The 26-year-old targeted a modest 10 goals before the season got underway, and from the 16 games the striker has been involved in so far, he’s hit eight of those already (along with two assists, 62 attempts on goals, and five yellow cards).

With Bochum struggling in mid-table, Friedhelm Funkel often alters his tactics, and Jong has found himself in various formations. When he’s played in a 4-4-2, the Nagoya-born North Korean – who has 15 goals in 25 games for his country, and hit 46 goals in 112 games for Kawasaki – has had to form a partnership with fellow newbie Mahir Sağlık.

If the pair can gel in the second half of the season, perhaps Bochum can make a late charge for one of the top three places.

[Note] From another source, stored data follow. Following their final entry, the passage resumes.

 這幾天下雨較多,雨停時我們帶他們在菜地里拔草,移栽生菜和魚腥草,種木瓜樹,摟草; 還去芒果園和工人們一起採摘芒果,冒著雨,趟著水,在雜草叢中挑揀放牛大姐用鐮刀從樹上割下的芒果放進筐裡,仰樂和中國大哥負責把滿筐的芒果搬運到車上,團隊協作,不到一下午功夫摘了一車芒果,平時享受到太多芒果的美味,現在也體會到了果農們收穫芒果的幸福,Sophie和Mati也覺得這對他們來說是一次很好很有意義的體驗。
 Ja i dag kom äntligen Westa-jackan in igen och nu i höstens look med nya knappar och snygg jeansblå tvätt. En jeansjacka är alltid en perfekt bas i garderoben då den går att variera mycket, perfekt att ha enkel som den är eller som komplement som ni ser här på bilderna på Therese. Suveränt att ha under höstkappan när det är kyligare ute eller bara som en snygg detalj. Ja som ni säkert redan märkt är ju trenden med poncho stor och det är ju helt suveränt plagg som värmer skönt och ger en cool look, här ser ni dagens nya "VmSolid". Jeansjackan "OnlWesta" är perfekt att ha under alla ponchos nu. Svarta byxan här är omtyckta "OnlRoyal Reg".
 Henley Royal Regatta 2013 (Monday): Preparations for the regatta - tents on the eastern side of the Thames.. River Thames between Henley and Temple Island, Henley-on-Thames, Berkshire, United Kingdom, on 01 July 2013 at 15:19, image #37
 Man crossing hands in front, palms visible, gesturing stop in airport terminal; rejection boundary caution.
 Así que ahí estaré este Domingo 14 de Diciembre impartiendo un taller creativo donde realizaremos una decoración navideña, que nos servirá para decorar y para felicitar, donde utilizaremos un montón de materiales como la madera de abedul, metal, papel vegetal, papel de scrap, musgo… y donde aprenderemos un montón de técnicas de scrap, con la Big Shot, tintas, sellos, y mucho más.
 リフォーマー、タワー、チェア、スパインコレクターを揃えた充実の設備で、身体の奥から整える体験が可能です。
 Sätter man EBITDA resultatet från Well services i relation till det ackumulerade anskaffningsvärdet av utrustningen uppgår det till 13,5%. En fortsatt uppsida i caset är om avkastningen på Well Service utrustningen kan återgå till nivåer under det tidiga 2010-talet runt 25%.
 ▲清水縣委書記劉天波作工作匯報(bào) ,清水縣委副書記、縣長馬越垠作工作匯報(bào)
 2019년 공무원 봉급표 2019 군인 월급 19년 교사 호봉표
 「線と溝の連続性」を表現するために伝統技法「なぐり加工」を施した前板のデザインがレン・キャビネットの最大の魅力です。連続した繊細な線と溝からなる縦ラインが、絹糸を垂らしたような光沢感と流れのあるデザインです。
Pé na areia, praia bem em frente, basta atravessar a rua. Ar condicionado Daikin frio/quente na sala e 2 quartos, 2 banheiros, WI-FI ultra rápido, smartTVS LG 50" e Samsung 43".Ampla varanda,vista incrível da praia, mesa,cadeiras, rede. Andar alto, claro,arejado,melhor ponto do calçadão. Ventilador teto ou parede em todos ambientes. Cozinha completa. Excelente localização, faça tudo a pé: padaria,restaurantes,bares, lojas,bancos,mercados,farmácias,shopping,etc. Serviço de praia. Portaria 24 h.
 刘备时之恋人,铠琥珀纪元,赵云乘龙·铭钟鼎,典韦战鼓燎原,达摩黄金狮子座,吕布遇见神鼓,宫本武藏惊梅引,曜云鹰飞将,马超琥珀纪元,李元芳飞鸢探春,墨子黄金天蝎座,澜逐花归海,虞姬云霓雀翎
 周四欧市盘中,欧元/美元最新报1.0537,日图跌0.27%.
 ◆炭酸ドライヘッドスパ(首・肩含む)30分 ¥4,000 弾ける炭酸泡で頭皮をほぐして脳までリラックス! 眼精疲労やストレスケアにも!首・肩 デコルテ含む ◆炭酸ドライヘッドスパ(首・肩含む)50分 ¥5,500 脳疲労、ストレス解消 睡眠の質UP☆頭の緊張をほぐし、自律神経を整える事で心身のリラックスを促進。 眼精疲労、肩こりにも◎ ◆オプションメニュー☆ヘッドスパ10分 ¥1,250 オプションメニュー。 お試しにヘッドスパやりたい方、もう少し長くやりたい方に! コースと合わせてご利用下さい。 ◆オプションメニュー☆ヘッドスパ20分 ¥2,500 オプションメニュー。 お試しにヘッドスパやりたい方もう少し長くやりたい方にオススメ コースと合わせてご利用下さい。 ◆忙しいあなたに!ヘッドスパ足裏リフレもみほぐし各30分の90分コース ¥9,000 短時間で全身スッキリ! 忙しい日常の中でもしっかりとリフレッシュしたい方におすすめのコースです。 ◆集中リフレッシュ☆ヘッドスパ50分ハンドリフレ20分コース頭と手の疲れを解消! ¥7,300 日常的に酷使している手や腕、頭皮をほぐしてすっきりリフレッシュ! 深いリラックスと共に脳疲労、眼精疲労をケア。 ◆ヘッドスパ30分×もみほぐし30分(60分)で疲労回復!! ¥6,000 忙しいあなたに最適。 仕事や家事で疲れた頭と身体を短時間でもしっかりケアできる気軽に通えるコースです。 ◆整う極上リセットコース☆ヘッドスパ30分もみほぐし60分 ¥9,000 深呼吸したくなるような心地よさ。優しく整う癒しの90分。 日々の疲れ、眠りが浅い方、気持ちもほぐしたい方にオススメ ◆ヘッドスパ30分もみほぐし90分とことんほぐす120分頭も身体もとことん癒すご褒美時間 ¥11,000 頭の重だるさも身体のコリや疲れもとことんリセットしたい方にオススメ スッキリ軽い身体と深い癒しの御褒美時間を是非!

Jong though, has grander plans. Regularly referred to as the Asian Wayne Rooney, he openly admits that he wants to move to the Premier League as soon as possible (and has already learnt English in preparation).

Rather than Wayne Rooney, however, he bases his game on Didier Drogba’s. Jong doesn’t quite give Funkel that kind of physical presence up top just yet, but his relentless playing style could be crucial in exploiting tiring defences as the 2. Bundesliga season draws to a close.